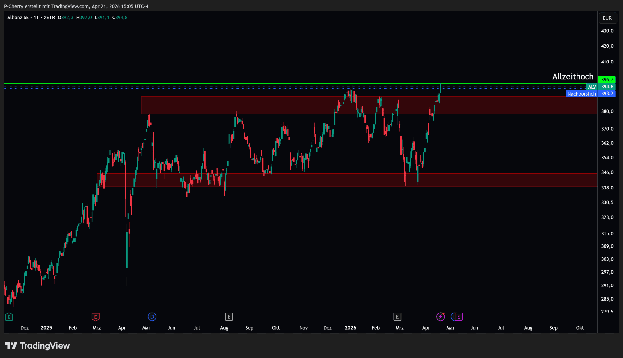 Der Kurs der Allianz-Aktie stieg gestern um +1,41% auf 394,80 € an. Damit hat diese ein neus Allzeithochs erreicht. Im unteren Unterstützungsbereich zwischen 339 € und 345,60 € fand der Kurs einen lokalen Boden und steigt seitdem dynamisch an.
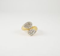 Bague croisée MAUBOUSSIN en or 750 mil et platine 950 mil, le corps godronné, les extrémités piriformes pavées de diamants taille brillant. Signée « Mauboussin Paris » et numérotée. (TDD : 44). (Petits manques de matière). 6,3 g. brut
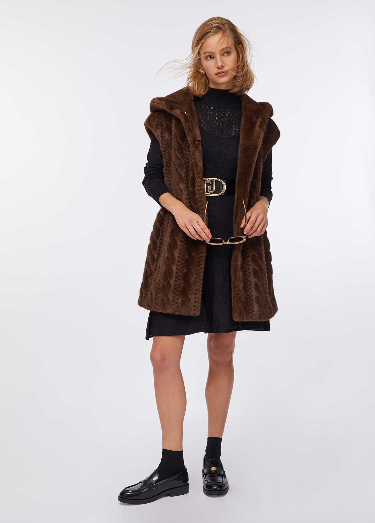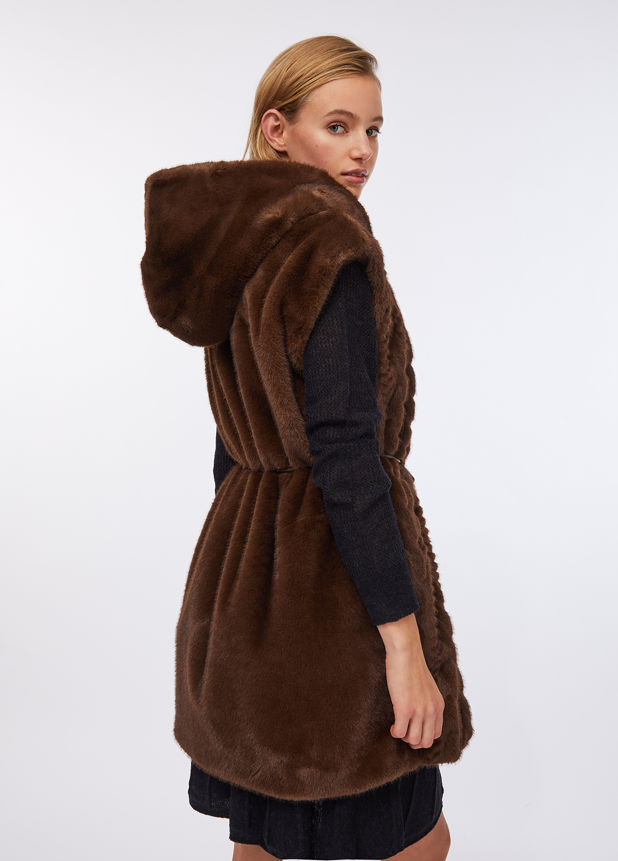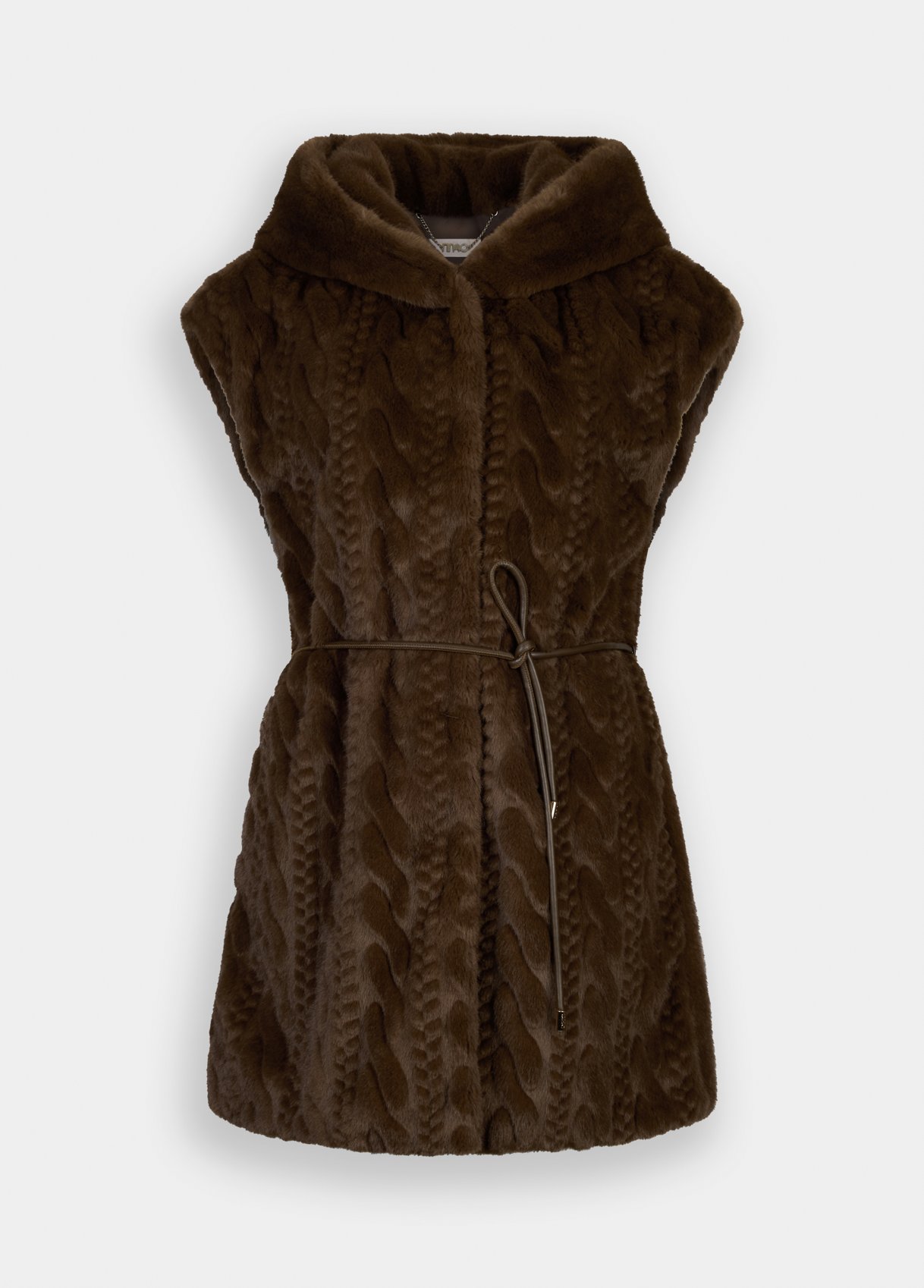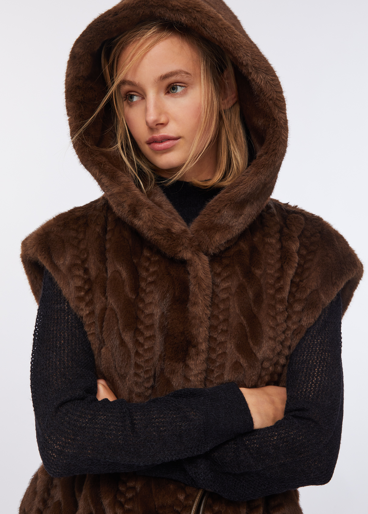 Soft faux fur vest featuring a cable-knit effect on the front, an enveloping hood, side pockets, and hidden snap fastening. The tonal belt defines the waist, creating a refined and cosy silhouette that blends comfort and sophistication — the ultimate layering piece for the cold season.
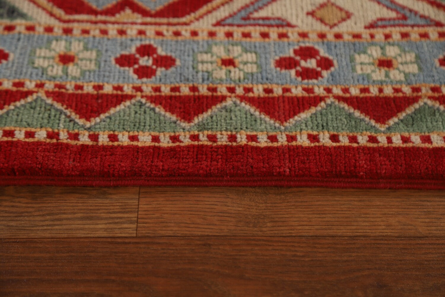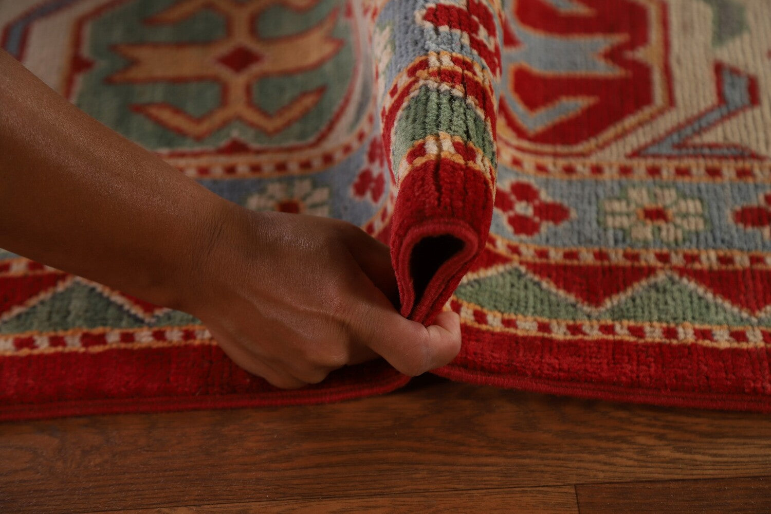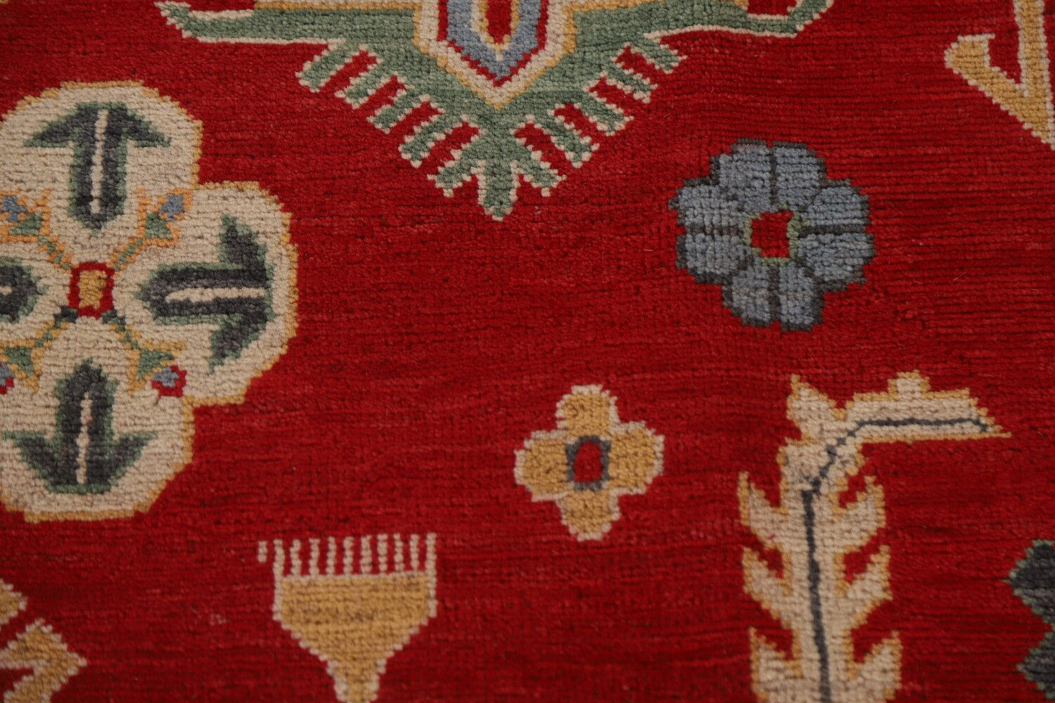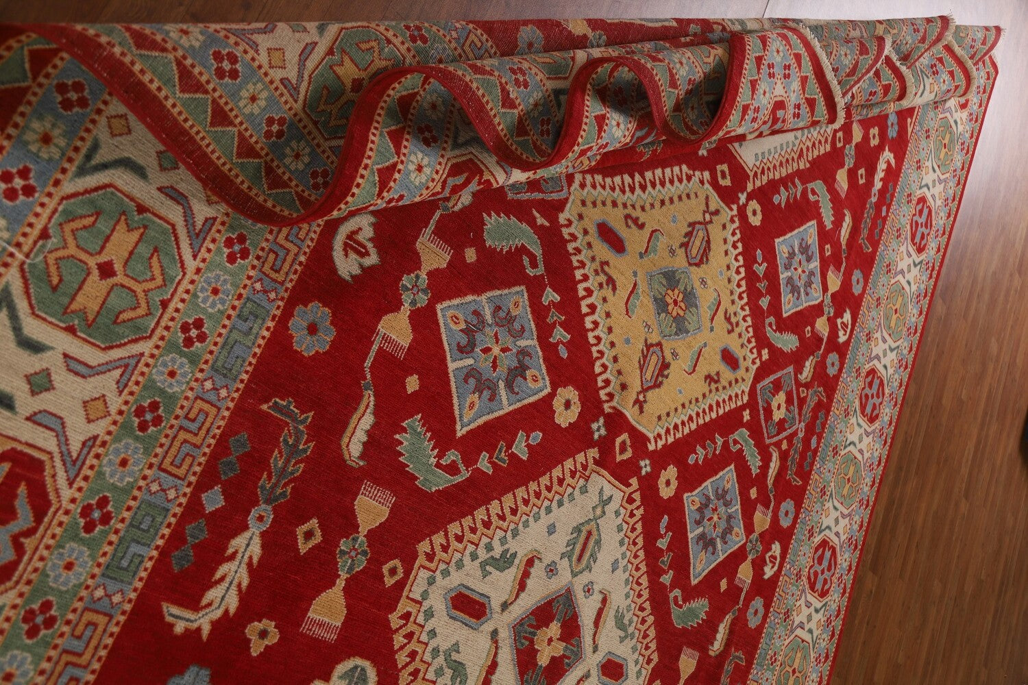 A Beautiful Genuine Pakistan Kazak rug is Hand Knotted by skillful weavers in Pakistan with 100% Wool Material. This rug is in condition. dimensions are 11' 9'' X 8' 8'' in foot and 358 X 264 in centimeter. the primary color is Red.

▶ What you need to do: An image-free, exact version of the listing above is required.

▶ Response to this task:
 Der Kurs der Allianz-Aktie stieg gestern um +1,41% auf 394,80 € an. Damit hat diese ein neus Allzeithochs erreicht. Im unteren Unterstützungsbereich zwischen 339 € und 345,60 € fand der Kurs einen lokalen Boden und steigt seitdem dynamisch an.
 Bague croisée MAUBOUSSIN en or 750 mil et platine 950 mil, le corps godronné, les extrémités piriformes pavées de diamants taille brillant. Signée « Mauboussin Paris » et numérotée. (TDD : 44). (Petits manques de matière). 6,3 g. brut
 Soft faux fur vest featuring a cable-knit effect on the front, an enveloping hood, side pockets, and hidden snap fastening. The tonal belt defines the waist, creating a refined and cosy silhouette that blends comfort and sophistication — the ultimate layering piece for the cold season.
 A Beautiful Genuine Pakistan Kazak rug is Hand Knotted by skillful weavers in Pakistan with 100% Wool Material. This rug is in condition. dimensions are 11' 9'' X 8' 8'' in foot and 358 X 264 in centimeter. the primary color is Red.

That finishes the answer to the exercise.